Ce vaste transfert  nécessite la mise sur pied de bourses d’échange des droits  d’émission  au niveau national et international. Le système suisse sera opérationnel dans trois mois, ce qui est possible avec l’introduction au 1er janvier 2008 de la taxe C02  sur les combustibles. Une entreprise peut être exonérée de la taxe si elle adhère au système d’échange. Elle se voit alors attribuer un quota dégressif de droit d’émission qu’elle devra respecter en assainissant ses installations ou en finançant une dépollution en dehors de ses murs. On estime que seul un petit nombre d’entreprises, grosses consommatrices d’huiles de chauffage, ont intérêt à s’inscrire à la bourse d’échanges. Les autres préféreront payer la taxe.

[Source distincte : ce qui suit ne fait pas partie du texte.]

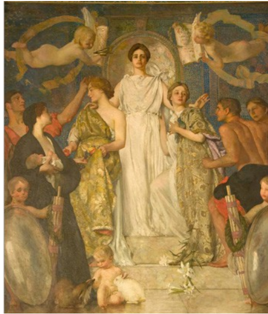
Resim 3: “Kanunun Adaleti” Edward Simmons, 1899.

Oy Hakkı Hareketi, notasal dilden farklı olarak çizimi de bir mücadele dili olarak kullanmıştır. Resim sanatının bir formu olarak kullanılan duvar resimleri, yirminci yüzyılın başlarında, popüler sanat biçimlerinden biri olarak alegorik bir geleneğe dayanmaktadır (Baltz 1980). Özellikle dönemin kamu binaları için oluşturulmuş alegorik duvar resimleri, kadın mücadelesini öne çıkarmakta (Moore 2004), kamu binalarının duvarlarına çizilerek geniş kitlelere daha çok hitap etmekte ve demokratik değerleri geliştirme amacı taşımaktadır (Baltz 1980).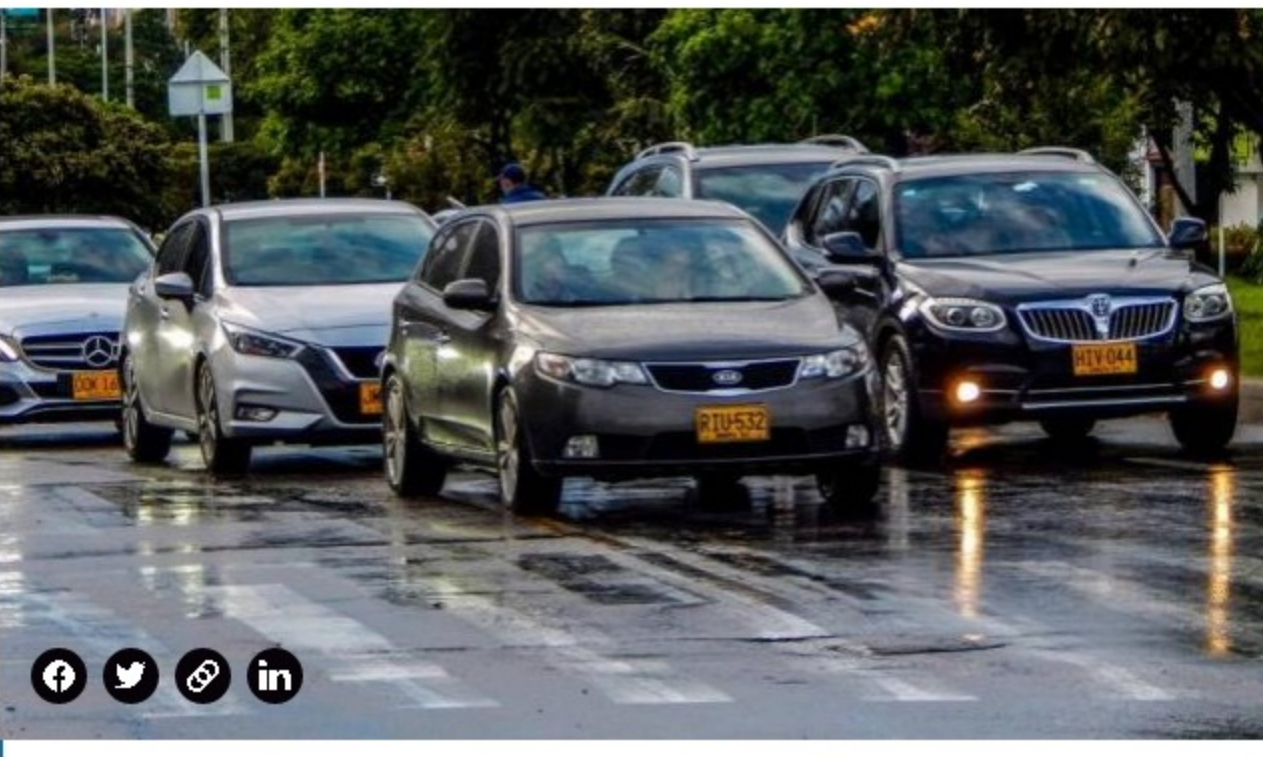
El pico y placa será durante todo el día.

Hoy, la alcaldesa hace todo lo contrario a lo que prometió. Nadie niega que la ciudad está atorada y seguirá así por mucho tiempo. El problema es que decisiones como estas afectan al ciudadano , a las familias, al comercio, quienes terminan pagando los platos rotos de la falta de visión e improvisación de las administraciones de Bogotá, las pasadas y la actual.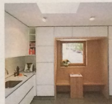
Möbelbau Sitzplatz mit Blick zum Eingang.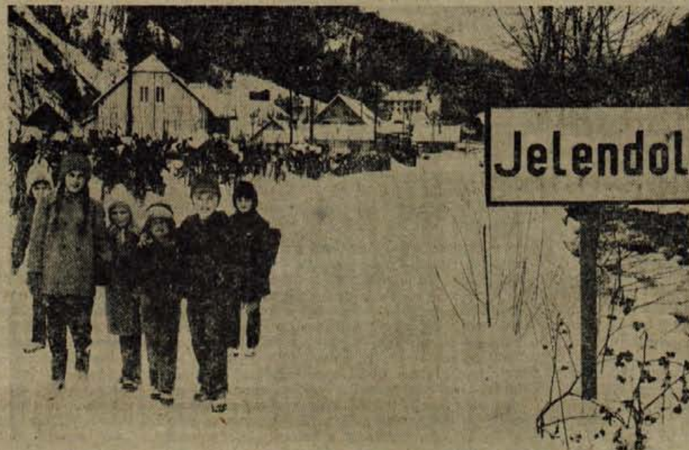
V zgornjem delu se dolina Tržiške Bistrice razširi in odpre. Tu je nastala vasica Jelendol. Vsaka hujša zima povzroča najmlajšim obilo preglavic, saj morajo peš do Tržiča

Mogočna Bornova graščina je pripravljena sprejeti stanovalce, vendar se le redki odločajo za bivanje v tako oddaljenem ter od sveta odrezanem kraju. Vsa stanovanja v graščini tako niso zasedena. Težko je zasukati kolo zgodovine in ljudi pri-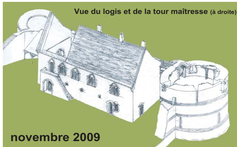
Vue du logis et de la tour maîtresse (à droite)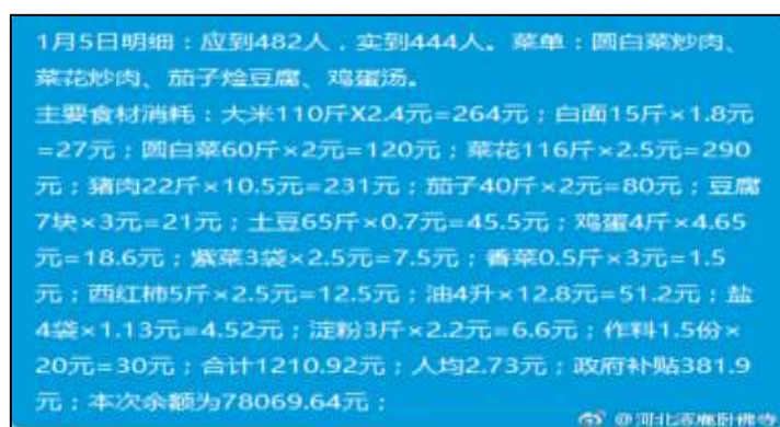
图IV-1 开餐当日微博截图

Hostiles, dans un premier temps, à ce qu’elles appelaient un trafic des droits de polluer, les organisations écologiques  ont reconnu les mérites du système, tout en  formulant des réserves. Rien à redire, sur le principe, avec les échanges à l’intérieur du pays. C’est tout bénéfice si les entreprises s’entendent pour atteindre au moindre coût les objectifs fixés à la Suisse. Mais il faut que le système fonctionne sans frais excessifs et, de plus, avec un nombre très limité de participants. Les échanges avec les autres pays sont acceptables puisque leur bilan écologique est positif. Mais il  paraît choquant à certains que nous protégions notre style de vie de pays riche en allégeant, par l’achat de droit d’émissions à l’étranger, nos obligations de diminuer notre pollution. economiesuisse ne fait rien d’autre. Comme alternative au projet Leuenberger de maîtrise de la consommation d’énergie  (DP 1746), l’organisation patronale préconise un investissement accru pour dépolluer les industries naissantes en Chine ou ailleurs dans le tiers monde.

Les organisations écologiques font remarquer que si nous ajoutions la pollution produite par la fabrication des voitures et autres bien que nous importons, notre volume d’émission de C02 augmenterait de 20%. L’effort à l’intérieur de nos frontières ne devrait donc pas être freiné par une utilisation massive des échanges de droits d’émission. Et la dépollution dans le tiers monde ne devrait  pas alléger nos obligations. Elle devrait plutôt être exclusivement considérée comme une forme d’aide au développement.